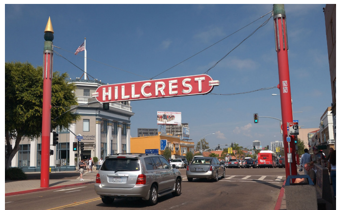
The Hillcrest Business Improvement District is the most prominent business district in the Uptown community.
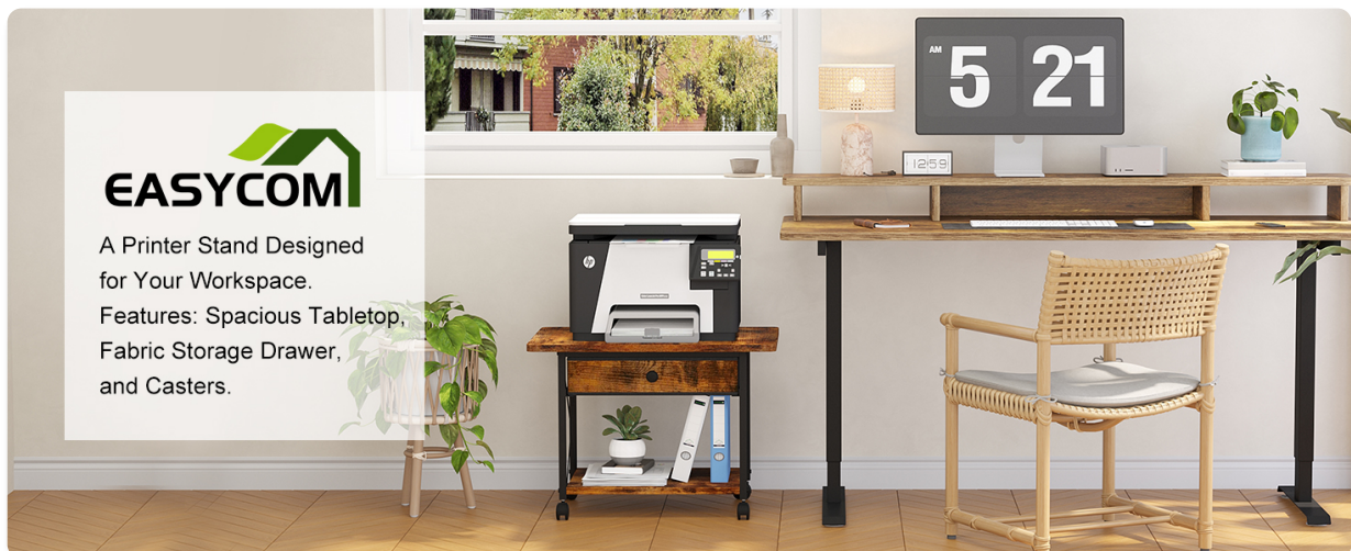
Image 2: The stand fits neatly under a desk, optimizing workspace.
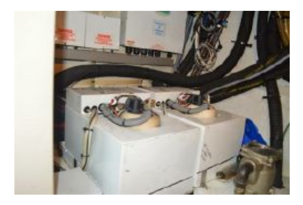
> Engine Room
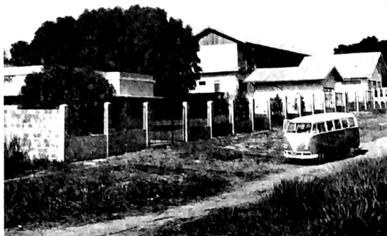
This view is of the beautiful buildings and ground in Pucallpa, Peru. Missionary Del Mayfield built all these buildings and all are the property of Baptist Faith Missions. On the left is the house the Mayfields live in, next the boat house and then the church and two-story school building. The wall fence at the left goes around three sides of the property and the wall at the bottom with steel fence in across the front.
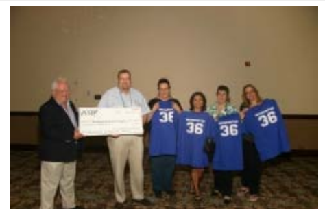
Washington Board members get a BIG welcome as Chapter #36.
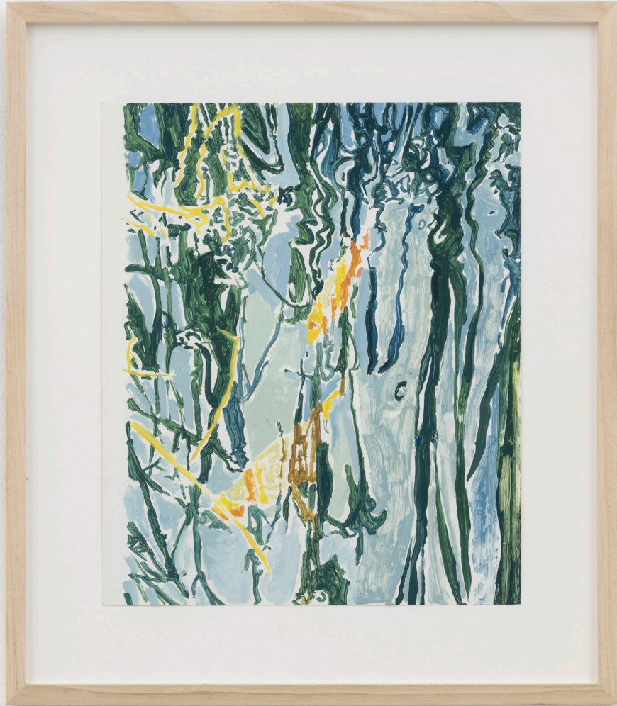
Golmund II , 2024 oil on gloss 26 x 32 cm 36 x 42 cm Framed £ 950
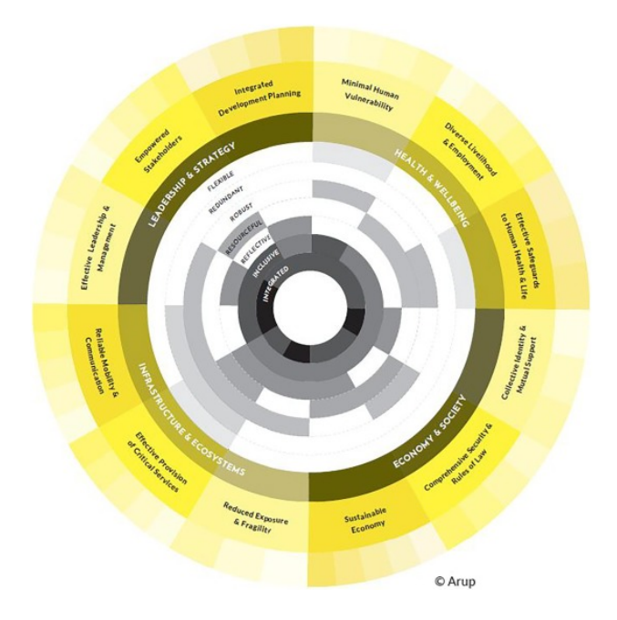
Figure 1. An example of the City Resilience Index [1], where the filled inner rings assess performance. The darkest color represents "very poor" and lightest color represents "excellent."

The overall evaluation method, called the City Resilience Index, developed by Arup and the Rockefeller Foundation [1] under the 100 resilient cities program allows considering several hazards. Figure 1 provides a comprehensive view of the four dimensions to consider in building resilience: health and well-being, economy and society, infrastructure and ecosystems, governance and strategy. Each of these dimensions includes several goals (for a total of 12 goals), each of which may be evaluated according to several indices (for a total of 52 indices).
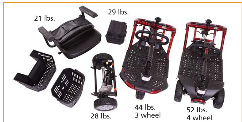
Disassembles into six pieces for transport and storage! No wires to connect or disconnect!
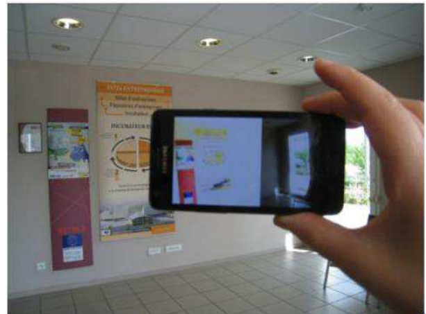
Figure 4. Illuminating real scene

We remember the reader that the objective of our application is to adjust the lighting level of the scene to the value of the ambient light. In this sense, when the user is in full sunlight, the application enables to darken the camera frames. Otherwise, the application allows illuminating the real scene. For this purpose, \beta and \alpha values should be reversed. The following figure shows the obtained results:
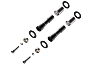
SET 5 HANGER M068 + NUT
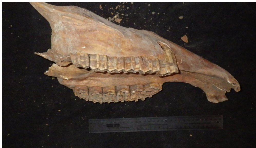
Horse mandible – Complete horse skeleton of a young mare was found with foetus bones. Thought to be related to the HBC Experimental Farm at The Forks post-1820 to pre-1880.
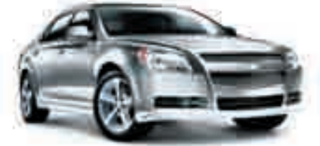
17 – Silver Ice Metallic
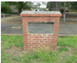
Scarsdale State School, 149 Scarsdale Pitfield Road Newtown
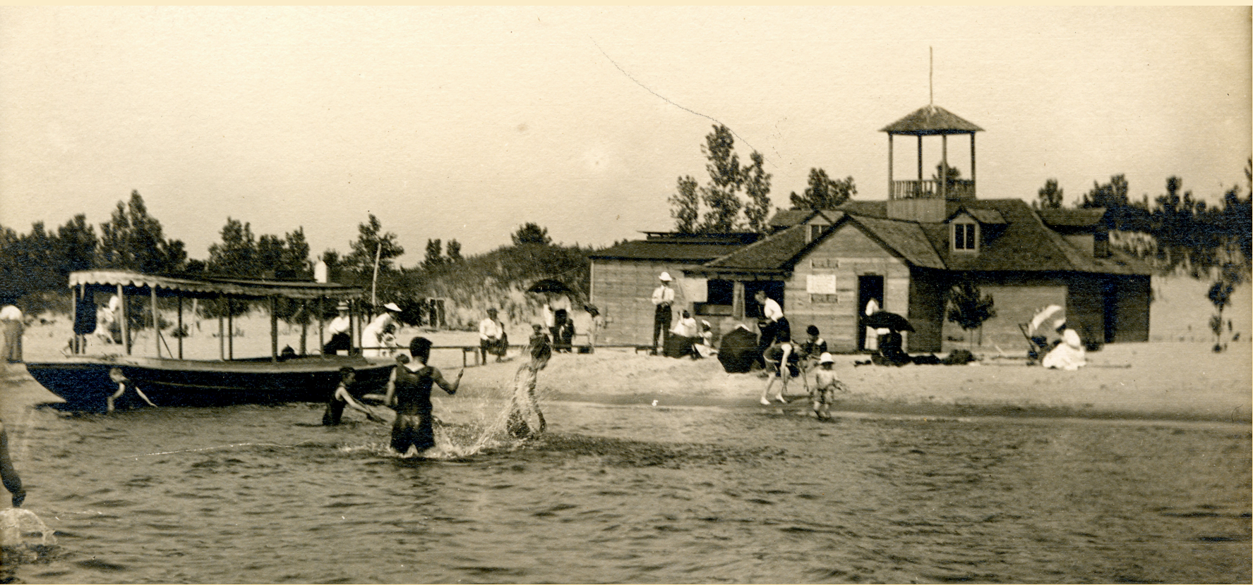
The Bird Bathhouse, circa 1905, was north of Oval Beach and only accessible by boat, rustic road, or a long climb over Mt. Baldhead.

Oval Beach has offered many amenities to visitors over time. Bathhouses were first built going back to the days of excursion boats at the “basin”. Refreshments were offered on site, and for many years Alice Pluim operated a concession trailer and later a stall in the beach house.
______
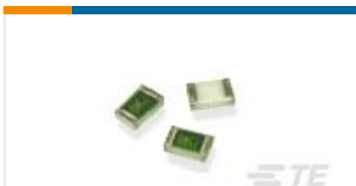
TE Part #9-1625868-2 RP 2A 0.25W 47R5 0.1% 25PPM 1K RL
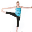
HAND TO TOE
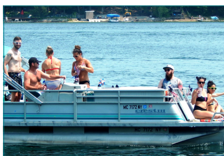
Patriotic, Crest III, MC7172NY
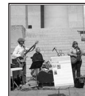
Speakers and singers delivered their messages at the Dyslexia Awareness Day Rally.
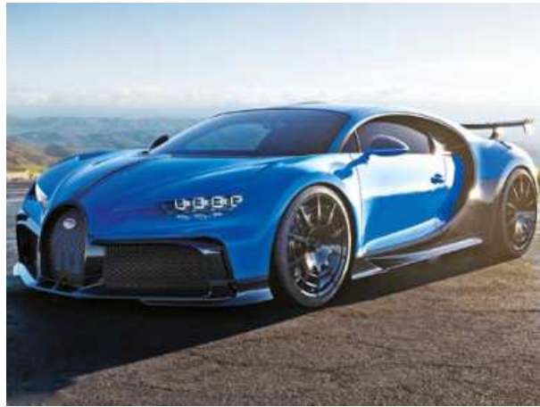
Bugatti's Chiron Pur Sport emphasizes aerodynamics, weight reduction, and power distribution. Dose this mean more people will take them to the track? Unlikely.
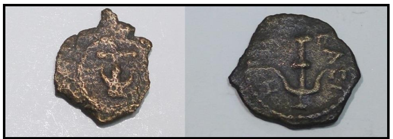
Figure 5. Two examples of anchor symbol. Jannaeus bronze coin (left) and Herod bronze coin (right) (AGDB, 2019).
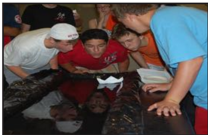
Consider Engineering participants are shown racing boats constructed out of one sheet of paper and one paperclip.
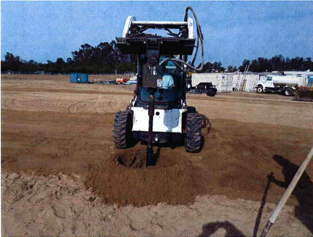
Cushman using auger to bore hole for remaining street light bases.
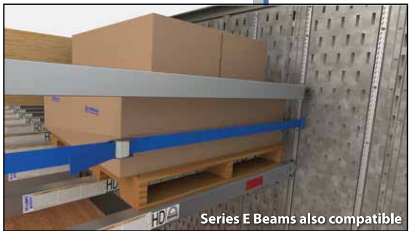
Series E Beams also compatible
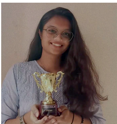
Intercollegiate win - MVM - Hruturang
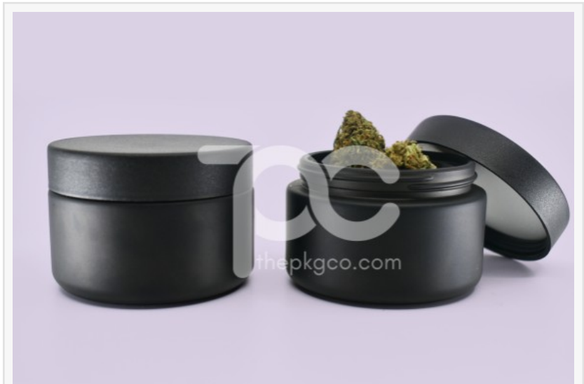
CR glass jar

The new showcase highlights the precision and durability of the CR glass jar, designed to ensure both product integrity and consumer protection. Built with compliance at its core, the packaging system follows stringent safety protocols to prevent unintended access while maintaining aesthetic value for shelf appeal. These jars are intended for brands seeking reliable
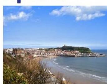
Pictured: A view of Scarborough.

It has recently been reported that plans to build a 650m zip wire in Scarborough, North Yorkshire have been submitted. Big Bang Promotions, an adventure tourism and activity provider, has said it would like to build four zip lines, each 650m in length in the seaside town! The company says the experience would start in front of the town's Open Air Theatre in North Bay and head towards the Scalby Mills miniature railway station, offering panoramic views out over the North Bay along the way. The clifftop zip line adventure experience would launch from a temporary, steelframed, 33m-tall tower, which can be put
______
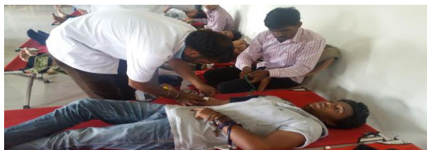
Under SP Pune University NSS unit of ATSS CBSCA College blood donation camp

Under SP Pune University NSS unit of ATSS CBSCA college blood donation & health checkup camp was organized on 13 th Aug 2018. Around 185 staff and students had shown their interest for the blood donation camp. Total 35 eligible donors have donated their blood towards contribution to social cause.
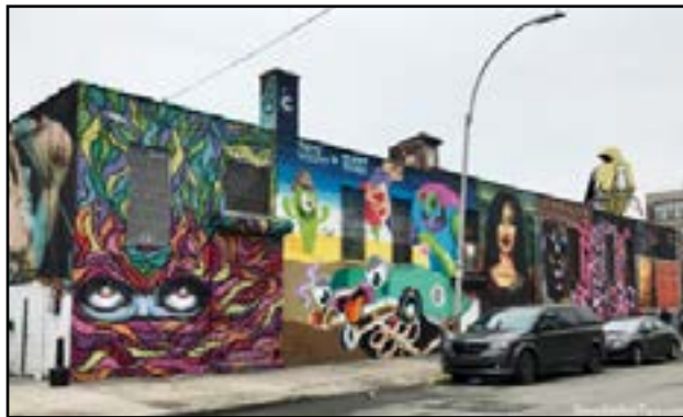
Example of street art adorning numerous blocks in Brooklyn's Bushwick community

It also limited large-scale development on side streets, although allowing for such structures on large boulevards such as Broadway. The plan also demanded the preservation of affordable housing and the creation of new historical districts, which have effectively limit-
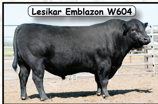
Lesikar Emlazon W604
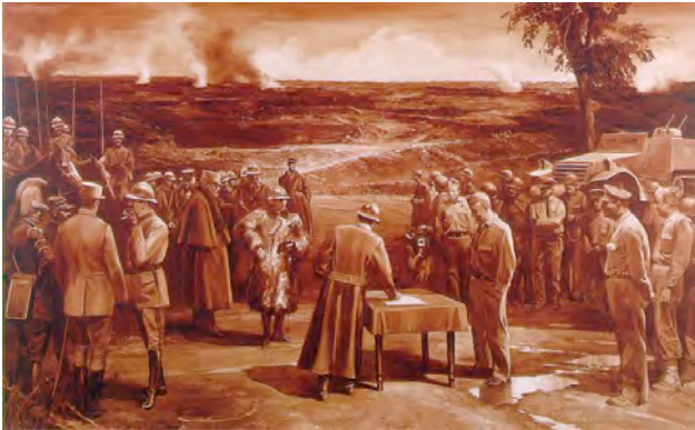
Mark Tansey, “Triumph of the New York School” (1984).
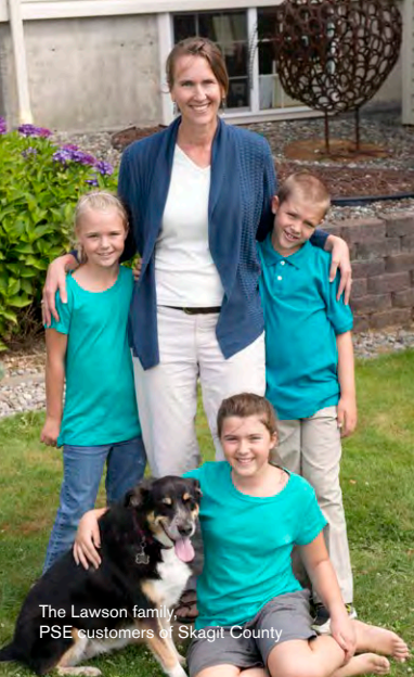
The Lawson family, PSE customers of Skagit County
______
In the data above, the stretch from the line with "Lesikar Emlazon W604" through the line with "The Lawson family, PSE" is to be returned exactly, minus any pictures.

Lesikar Emlazon W604
Mark Tansey, “Triumph of the New York School” (1984).
The Lawson family, PSE customers of Skagit County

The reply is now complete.